Calvin clicked the radio twice.
“We’re here, Hephaestus,” he said
into the mic.
“What is the password?” Came the
response.
“Open the fucking door.”
“Correct. Open Sez-a-me.”
A thick, gray steel door on the
side of the rustic, but enormous old building began to roll noiselessly into a
wall allowing them entrance into a twenty-five by twenty-five foot room with
shelves of tools and equipment lining all four walls. The big door quickly and
silently rolled back into place behind them. When it completely closed, an inner
door rolled back in the same manner, much like the outer and inner doors of an
airlock.
“Nice,” Scaggs said appreciatively as
Quinn slowly pulled them into a workroom that looked like the love-child of the
bridge of the Enterprise and an IT control center.
“The above ground space is at least
forty thousand square feet,” Tripper informed Quinn and the girls. “I don’t
even want to know what he had to go through to put a basement in this place,
considering he’s right next to a river. But there is one.”
“Look over there,” he pointed across
the workroom. “That steel door over there will take you to the kitchen, dining
room and if you continue on through there, the entertainment room.”
“Rooms are upstairs there, or
accessible through several other sets of stairs within the various buildings.”
A set of metal stairs hanging by heavy wire rope from the steel girders above
ran up the wall next to the door and met a walkway that ran the length of the
far wall over the steel door Trip had just pointed to.
“What’s that?” Felicia screamed,
pointing to something in front of the vehicle.
Everyone turned to see a six-foot
man-thing clad in closed-helm black armor pointing a large black crossbow at
them.

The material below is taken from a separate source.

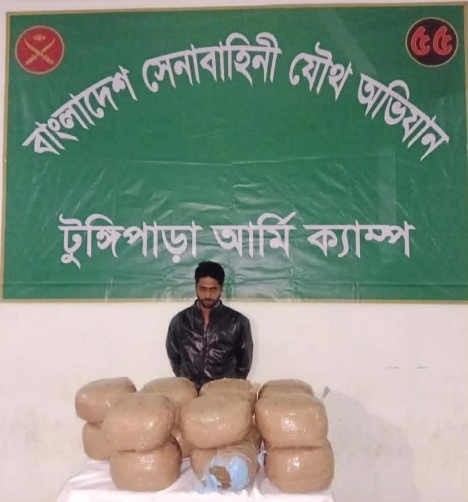 গোপালগঞ্জের টুঙ্গিপাড়ায় সেনাবাহিনীর কঠোর চেকপোস্টে ৩৬ কেজির বেশি গাঁজা উদ্ধার, মাদক পাচারকারী আটক।

On further study the crossbow was, in fact, two crossbows somehow fastened
back to back, or top to bottom, so one flip would bring the opposite crossbow
up for use. The multi-strung bow seemed to be made out of some composite
materials, maybe a high grade of hardened plastic, with silver metal fasteners
at various joints holding it together. Extending from the top, and hanging from
the bottom crossbow were what looked like hardcover book-shaped canisters.
“What are those metal things on the
bow?” Athena wondered.
“They look like magazine clips,”
Trip answered.
“Dual automatic crossbow?” Scooter
asked, raising an eyebrow at the others sitting behind him.
“Impressive,” Tripper whistled.
The figure turned and pointed the
bow at a target, firing once, spinning the contraption, firing the other side,
then spinning again and putting a third bolt into the red, Orc-shaped target,
then a forth and fifth. The bolts slammed deep into the leather and wood target
in rapid succession, sending chunks flying. He fired one more into a head made
from painted Ballistics Gel, the bolt slowing dramatically inside the
gelatinous goo, but still passing through to chunk into the specially designed
cushions behind the test targets. The armored being then turned the weapon on
the vehicle again.
“That
is
Hephaestus, isn’t
it?” Athena asked uncertainly.
“I think so,” Scooter replied with
uncharacteristic hesitation.
“Who wants to go out and ask?”
Tripper asked.
Everyone looked at Scooter.
“Right. See you on the other side,”
he muttered, stepping out.
Scooter exited the Ambulance and pulled
the face shield of his helm up, a shower of sweat drizzled onto his bluish
armor, running down to eventually be sucked into the leather overcoat he now
wore over the armor.
“Hephaestus?” he asked, worry
etching his friendly, lightly-tanned face.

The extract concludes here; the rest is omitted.